TASK DATA START
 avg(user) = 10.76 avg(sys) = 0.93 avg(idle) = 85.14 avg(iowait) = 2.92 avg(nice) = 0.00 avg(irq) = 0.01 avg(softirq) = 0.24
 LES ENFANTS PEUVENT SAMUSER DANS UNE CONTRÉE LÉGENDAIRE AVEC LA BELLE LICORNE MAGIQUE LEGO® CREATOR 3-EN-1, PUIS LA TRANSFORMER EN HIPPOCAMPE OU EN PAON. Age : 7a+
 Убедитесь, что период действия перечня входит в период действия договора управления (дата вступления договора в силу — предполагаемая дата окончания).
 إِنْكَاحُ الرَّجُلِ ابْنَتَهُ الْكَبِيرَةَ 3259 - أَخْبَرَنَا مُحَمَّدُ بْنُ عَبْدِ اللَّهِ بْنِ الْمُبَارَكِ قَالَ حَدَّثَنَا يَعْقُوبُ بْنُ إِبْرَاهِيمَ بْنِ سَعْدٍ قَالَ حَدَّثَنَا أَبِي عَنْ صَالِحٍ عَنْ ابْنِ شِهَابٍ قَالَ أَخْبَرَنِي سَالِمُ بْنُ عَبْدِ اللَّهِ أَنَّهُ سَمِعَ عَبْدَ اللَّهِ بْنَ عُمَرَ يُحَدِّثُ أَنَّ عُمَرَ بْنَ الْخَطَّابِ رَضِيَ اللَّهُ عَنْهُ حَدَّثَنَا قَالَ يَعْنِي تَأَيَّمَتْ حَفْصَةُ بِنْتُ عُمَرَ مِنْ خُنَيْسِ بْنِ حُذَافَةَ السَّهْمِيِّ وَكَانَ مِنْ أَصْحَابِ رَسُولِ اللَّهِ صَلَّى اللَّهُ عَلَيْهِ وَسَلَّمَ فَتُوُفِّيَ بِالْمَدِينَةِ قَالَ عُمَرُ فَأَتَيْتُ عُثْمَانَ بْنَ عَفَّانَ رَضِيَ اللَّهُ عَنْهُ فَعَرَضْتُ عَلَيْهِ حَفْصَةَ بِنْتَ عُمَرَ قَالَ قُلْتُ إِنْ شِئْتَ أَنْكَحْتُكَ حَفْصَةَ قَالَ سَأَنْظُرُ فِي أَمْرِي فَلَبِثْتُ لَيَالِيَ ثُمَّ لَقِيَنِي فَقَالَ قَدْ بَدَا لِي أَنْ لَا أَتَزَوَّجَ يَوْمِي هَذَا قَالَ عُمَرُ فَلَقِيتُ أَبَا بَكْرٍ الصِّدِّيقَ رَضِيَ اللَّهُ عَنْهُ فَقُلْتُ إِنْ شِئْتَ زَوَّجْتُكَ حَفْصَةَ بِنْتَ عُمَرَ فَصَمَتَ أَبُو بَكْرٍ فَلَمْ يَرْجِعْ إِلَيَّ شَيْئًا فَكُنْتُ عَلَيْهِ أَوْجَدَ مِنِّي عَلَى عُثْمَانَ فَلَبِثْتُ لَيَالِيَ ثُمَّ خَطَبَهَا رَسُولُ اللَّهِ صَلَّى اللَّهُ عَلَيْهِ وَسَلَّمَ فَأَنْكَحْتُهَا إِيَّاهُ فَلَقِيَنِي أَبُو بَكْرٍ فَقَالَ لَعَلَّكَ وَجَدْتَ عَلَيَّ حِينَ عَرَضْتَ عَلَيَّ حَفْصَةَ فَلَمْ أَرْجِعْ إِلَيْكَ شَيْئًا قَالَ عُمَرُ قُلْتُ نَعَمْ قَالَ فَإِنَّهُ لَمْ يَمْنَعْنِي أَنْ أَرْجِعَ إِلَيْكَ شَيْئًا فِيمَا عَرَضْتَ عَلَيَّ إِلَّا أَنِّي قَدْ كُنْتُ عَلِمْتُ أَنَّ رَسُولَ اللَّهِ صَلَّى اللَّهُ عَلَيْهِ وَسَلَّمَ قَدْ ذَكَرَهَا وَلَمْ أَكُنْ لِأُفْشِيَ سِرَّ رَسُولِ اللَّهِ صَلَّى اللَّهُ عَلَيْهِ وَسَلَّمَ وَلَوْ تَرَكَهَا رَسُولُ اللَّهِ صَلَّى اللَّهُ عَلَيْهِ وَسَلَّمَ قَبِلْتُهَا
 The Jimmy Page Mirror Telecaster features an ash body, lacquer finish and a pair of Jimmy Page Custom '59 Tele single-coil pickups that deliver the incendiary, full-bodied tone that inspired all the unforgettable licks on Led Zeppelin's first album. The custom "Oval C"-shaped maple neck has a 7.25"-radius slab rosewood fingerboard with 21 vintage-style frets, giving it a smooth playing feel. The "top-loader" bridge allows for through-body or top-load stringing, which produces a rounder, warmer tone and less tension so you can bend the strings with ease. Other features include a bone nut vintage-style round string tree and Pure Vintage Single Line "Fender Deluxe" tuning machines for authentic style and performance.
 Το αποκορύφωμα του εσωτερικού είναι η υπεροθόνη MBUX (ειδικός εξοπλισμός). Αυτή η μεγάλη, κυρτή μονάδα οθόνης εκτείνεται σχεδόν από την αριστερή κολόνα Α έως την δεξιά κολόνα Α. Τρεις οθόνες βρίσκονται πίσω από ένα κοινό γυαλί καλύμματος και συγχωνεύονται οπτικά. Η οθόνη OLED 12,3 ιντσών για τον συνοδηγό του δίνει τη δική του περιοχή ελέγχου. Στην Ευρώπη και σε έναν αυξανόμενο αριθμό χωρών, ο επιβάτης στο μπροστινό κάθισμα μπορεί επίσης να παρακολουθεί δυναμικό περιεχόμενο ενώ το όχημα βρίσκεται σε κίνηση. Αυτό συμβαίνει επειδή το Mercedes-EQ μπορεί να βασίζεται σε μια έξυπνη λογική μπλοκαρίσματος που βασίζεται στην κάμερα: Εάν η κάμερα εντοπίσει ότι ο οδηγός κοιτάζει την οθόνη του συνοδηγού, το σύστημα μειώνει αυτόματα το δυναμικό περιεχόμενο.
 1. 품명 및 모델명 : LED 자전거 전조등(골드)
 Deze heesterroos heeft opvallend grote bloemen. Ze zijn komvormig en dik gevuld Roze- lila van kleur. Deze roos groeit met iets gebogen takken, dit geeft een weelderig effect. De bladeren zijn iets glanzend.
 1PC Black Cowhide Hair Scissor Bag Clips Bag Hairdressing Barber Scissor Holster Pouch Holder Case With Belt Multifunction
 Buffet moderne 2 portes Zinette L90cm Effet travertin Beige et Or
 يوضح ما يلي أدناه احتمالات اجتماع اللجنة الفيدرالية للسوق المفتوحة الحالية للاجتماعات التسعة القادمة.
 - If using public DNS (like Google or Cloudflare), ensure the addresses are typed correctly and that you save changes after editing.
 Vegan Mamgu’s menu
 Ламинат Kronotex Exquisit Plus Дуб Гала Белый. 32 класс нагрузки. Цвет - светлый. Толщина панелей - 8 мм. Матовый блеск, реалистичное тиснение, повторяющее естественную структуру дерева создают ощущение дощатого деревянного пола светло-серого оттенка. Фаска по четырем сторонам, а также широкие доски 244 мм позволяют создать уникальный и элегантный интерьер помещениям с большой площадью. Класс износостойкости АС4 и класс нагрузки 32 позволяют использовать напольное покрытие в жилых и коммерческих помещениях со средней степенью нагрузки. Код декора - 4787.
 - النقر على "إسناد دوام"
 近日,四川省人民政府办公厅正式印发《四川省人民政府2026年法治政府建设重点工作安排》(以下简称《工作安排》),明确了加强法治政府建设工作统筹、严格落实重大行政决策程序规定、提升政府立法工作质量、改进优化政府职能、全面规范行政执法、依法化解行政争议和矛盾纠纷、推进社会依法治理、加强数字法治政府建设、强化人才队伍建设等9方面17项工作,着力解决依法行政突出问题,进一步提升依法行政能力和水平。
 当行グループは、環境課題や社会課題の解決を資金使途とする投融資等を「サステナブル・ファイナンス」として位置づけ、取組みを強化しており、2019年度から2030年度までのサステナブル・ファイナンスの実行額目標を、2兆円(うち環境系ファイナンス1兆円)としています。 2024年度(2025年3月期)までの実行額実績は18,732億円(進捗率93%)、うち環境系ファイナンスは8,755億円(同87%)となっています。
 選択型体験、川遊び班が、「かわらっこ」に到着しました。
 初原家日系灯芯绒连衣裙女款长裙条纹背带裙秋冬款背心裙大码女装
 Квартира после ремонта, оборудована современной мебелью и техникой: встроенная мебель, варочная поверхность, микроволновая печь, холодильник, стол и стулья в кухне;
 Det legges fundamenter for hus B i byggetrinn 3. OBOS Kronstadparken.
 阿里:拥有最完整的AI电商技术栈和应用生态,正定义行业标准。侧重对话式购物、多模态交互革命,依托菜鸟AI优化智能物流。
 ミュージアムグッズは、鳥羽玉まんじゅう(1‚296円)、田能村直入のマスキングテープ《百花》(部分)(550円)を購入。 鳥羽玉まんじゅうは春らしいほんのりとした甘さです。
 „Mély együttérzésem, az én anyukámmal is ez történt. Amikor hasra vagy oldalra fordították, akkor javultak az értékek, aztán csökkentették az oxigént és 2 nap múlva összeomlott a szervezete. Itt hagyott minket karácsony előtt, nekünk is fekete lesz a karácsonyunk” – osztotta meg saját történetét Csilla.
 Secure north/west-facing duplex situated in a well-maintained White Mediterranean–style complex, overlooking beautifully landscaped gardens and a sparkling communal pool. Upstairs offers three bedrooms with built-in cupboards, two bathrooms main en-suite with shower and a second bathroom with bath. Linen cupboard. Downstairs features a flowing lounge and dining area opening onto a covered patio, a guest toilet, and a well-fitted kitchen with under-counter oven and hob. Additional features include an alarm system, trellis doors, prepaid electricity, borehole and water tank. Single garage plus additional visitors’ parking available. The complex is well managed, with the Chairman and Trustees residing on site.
TASK DATA END
WORK TASK: Take from the material above the lines running from the one with "The Jimmy Page" through the one with "Το αποκορύφωμα του", and repeat them exactly, with nothing else.

SOLUTION TO THE EXERCISE:
 The Jimmy Page Mirror Telecaster features an ash body, lacquer finish and a pair of Jimmy Page Custom '59 Tele single-coil pickups that deliver the incendiary, full-bodied tone that inspired all the unforgettable licks on Led Zeppelin's first album. The custom "Oval C"-shaped maple neck has a 7.25"-radius slab rosewood fingerboard with 21 vintage-style frets, giving it a smooth playing feel. The "top-loader" bridge allows for through-body or top-load stringing, which produces a rounder, warmer tone and less tension so you can bend the strings with ease. Other features include a bone nut vintage-style round string tree and Pure Vintage Single Line "Fender Deluxe" tuning machines for authentic style and performance.
 Το αποκορύφωμα του εσωτερικού είναι η υπεροθόνη MBUX (ειδικός εξοπλισμός). Αυτή η μεγάλη, κυρτή μονάδα οθόνης εκτείνεται σχεδόν από την αριστερή κολόνα Α έως την δεξιά κολόνα Α. Τρεις οθόνες βρίσκονται πίσω από ένα κοινό γυαλί καλύμματος και συγχωνεύονται οπτικά. Η οθόνη OLED 12,3 ιντσών για τον συνοδηγό του δίνει τη δική του περιοχή ελέγχου. Στην Ευρώπη και σε έναν αυξανόμενο αριθμό χωρών, ο επιβάτης στο μπροστινό κάθισμα μπορεί επίσης να παρακολουθεί δυναμικό περιεχόμενο ενώ το όχημα βρίσκεται σε κίνηση. Αυτό συμβαίνει επειδή το Mercedes-EQ μπορεί να βασίζεται σε μια έξυπνη λογική μπλοκαρίσματος που βασίζεται στην κάμερα: Εάν η κάμερα εντοπίσει ότι ο οδηγός κοιτάζει την οθόνη του συνοδηγού, το σύστημα μειώνει αυτόματα το δυναμικό περιεχόμενο.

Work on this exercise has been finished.